CS: Can you talk a bit about what it’s like to direct Casey Affleck in the costume? Is there any leeway for him to change his performance?

Lowery: It was really weird. Casey is someone who is a very intuitive actor. When you’re shooting with him, he wants to try new things. He’ll always ask for a take where he can try whatever comes to mind. Often, those takes are brilliant and great and they yield wonderful, wonderful things. Initially, I thought that we would let him perform under the sheet and that his physical traits would be pronounced. He could use his body language more than he usually does. We tried that at first. That scene where he wakes up at the hospital went on much longer and you could tell that it was Casey under the sheet. It just wasn’t working. It took us several days to figure out what wasn’t working. For this movie, that’s a lot of time to realize that what we were shooting wasn’t working. We found that, if he’s recognizable under the sheet, the sheet doesn’t have the same illusion. It’s just a sheet draped over an actor’s head. We needed the ghost to function as an entity unto itself. Even though it’s intangible, it had to have an ethereal quality to it to succeed. So we had to iron out the performance 100 percent. It became a very mechanical process where I would just have to say, “Turn your head 90 degrees to the left” or “step forward.” You can’t really see in that costume, so he couldn’t engage with what was happening around him. It was 100 percent mechanical. It was puppeteering while wearing the puppet and also having a costume team that is constantly holding the sheet to keep the face from going askew or to keep the folds from turning into a bunch of cloth. But that yielded something that felt very organic.

CS: Have you had any supernatural experiences yourself?



Lowery: 
I’ve had a couple of things happen that I could probably explain. I could probably boil them down to a surge in the electrical wires or something falling off a shelf. Maybe the foundation of the house was settling.

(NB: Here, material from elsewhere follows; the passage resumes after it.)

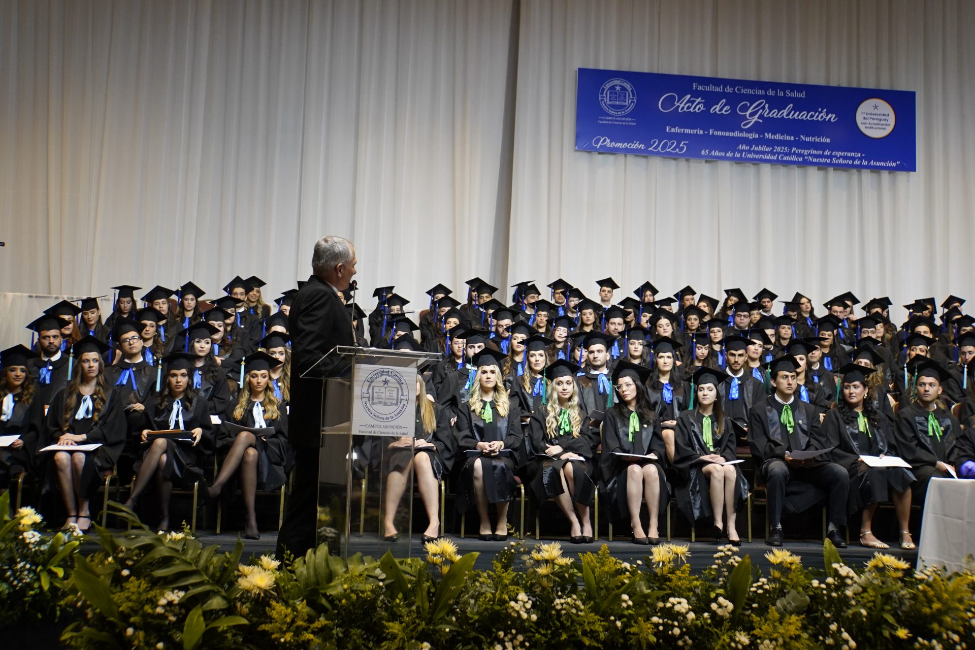 En un ambiente de profunda gratitud y emoción, la Facultad de Ciencias de la Salud (FCS) – Campus Asunción celebró el día domingo 07 de diciembre la Misa de Acción de Gracias por los alumnos graduados de la Promoción 2025, en el marco del Año Jubilar 2025: “Peregrinos de Esperanza” – 65 años de la Universidad Católica “Nuestra Señora de la Asunción” presidida por el capellán de la FCS Pbro. Miguel Ortigoza , en la Catedral Metropolitana de Asunción.

But I’d rather not. I’d rather not explain them away because I love the possibility that there might be ghosts in the world. It makes my nights alone in old houses scarier and I value that. I feel that life is better with some things left unexplained. I don’t believe in an afterlife, but I do believe in ghosts. I know there’s a paradox there, but I’m happy to embrace it. I hope that someday I see one in a very quantifiable way.

CS: You have also been attached to Disney’s live-action “Peter Pan” movie. What’s the current status on that?

Lowery: We’re working on the script. It’s exciting, but it’s also a very big challenge. We set the bar pretty high with “Pete’s Dragon” when it came to making a film that they wanted to make as a corporation and one that I wanted to make as a filmmaker. I mean, the people at Disney are filmmakers, too. It’s a studio run by great filmmakers. I respect them all so much that, the next time we collaborate, we’re seeing eye to eye in the same way that we did on “Pete’s Dragon.” “Peter Pan” is a beloved property. Not that “Pete’s Dragon” isn’t, but no one at the studio wanted us to remake that movie. They wanted a new movie with that title. “Peter Pan” is something that everyone takes very seriously. It’s a big movie for them. They have to get it right and I have to get it right for myself. We’re just beginning to sit down and ask what a Peter Pan movie made in this day and age should look and feel like and what makes it relevant. That’s the process for every movie, but I feel like the stakes are a little higher this time because this is one of the crown jewels of the Disney animation empire. It’ll take the time it needs to take and, if it feels right, we’ll definitely make it.

A Ghost Story hits theaters this Friday, July 7.